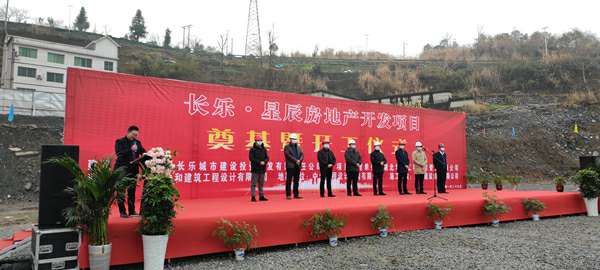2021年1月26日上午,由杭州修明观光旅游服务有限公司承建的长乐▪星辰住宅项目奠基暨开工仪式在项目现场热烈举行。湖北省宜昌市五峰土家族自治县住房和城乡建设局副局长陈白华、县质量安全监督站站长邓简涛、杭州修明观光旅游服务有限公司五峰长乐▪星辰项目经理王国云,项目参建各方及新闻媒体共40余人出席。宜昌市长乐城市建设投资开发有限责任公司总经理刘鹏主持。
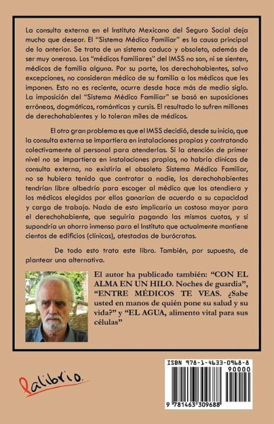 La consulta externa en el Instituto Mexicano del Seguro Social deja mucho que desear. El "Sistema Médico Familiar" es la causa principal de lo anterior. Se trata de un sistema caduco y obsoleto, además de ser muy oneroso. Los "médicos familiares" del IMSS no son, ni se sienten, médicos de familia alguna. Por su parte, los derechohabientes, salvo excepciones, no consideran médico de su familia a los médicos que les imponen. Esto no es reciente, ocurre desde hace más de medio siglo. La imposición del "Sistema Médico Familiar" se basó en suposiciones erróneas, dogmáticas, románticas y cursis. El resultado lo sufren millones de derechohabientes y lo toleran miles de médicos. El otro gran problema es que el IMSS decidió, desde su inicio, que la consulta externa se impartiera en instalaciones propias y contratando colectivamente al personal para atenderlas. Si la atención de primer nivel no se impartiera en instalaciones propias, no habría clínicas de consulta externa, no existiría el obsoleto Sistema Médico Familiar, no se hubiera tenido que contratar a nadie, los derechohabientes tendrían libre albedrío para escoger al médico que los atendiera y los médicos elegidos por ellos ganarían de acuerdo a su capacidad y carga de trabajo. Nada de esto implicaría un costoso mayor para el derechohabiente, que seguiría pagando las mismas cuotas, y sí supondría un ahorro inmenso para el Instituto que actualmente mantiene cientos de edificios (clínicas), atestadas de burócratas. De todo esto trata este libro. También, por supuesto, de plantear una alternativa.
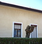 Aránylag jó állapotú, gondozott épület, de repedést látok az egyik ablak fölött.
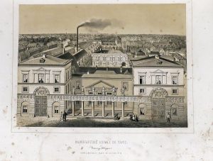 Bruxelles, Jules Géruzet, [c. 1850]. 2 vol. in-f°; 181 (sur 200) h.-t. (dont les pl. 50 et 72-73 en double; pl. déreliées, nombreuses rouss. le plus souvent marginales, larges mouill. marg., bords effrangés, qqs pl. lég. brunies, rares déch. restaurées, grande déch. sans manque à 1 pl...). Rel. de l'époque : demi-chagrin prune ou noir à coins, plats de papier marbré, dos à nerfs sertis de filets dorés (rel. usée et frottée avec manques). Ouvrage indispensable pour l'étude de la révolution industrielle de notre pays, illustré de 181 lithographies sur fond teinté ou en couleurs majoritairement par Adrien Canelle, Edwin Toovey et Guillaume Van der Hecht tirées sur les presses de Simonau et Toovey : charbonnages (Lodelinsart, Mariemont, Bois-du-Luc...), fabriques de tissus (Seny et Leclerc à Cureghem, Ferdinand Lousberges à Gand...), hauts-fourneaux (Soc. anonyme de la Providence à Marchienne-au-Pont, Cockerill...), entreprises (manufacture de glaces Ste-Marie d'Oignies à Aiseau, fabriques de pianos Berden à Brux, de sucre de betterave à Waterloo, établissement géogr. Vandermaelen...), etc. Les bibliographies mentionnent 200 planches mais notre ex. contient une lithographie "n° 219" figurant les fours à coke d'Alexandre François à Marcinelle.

YOUR TASK: Write out exactly the lines between the start of the data and the line with "Aránylag jó állapotú, gondozott", including both, but none of the pictures.

RESULT FOR THIS TASK:
2021年1月26日上午,由杭州修明观光旅游服务有限公司承建的长乐▪星辰住宅项目奠基暨开工仪式在项目现场热烈举行。湖北省宜昌市五峰土家族自治县住房和城乡建设局副局长陈白华、县质量安全监督站站长邓简涛、杭州修明观光旅游服务有限公司五峰长乐▪星辰项目经理王国云,项目参建各方及新闻媒体共40余人出席。宜昌市长乐城市建设投资开发有限责任公司总经理刘鹏主持。
 La consulta externa en el Instituto Mexicano del Seguro Social deja mucho que desear. El "Sistema Médico Familiar" es la causa principal de lo anterior. Se trata de un sistema caduco y obsoleto, además de ser muy oneroso. Los "médicos familiares" del IMSS no son, ni se sienten, médicos de familia alguna. Por su parte, los derechohabientes, salvo excepciones, no consideran médico de su familia a los médicos que les imponen. Esto no es reciente, ocurre desde hace más de medio siglo. La imposición del "Sistema Médico Familiar" se basó en suposiciones erróneas, dogmáticas, románticas y cursis. El resultado lo sufren millones de derechohabientes y lo toleran miles de médicos. El otro gran problema es que el IMSS decidió, desde su inicio, que la consulta externa se impartiera en instalaciones propias y contratando colectivamente al personal para atenderlas. Si la atención de primer nivel no se impartiera en instalaciones propias, no habría clínicas de consulta externa, no existiría el obsoleto Sistema Médico Familiar, no se hubiera tenido que contratar a nadie, los derechohabientes tendrían libre albedrío para escoger al médico que los atendiera y los médicos elegidos por ellos ganarían de acuerdo a su capacidad y carga de trabajo. Nada de esto implicaría un costoso mayor para el derechohabiente, que seguiría pagando las mismas cuotas, y sí supondría un ahorro inmenso para el Instituto que actualmente mantiene cientos de edificios (clínicas), atestadas de burócratas. De todo esto trata este libro. También, por supuesto, de plantear una alternativa.
 Aránylag jó állapotú, gondozott épület, de repedést látok az egyik ablak fölött.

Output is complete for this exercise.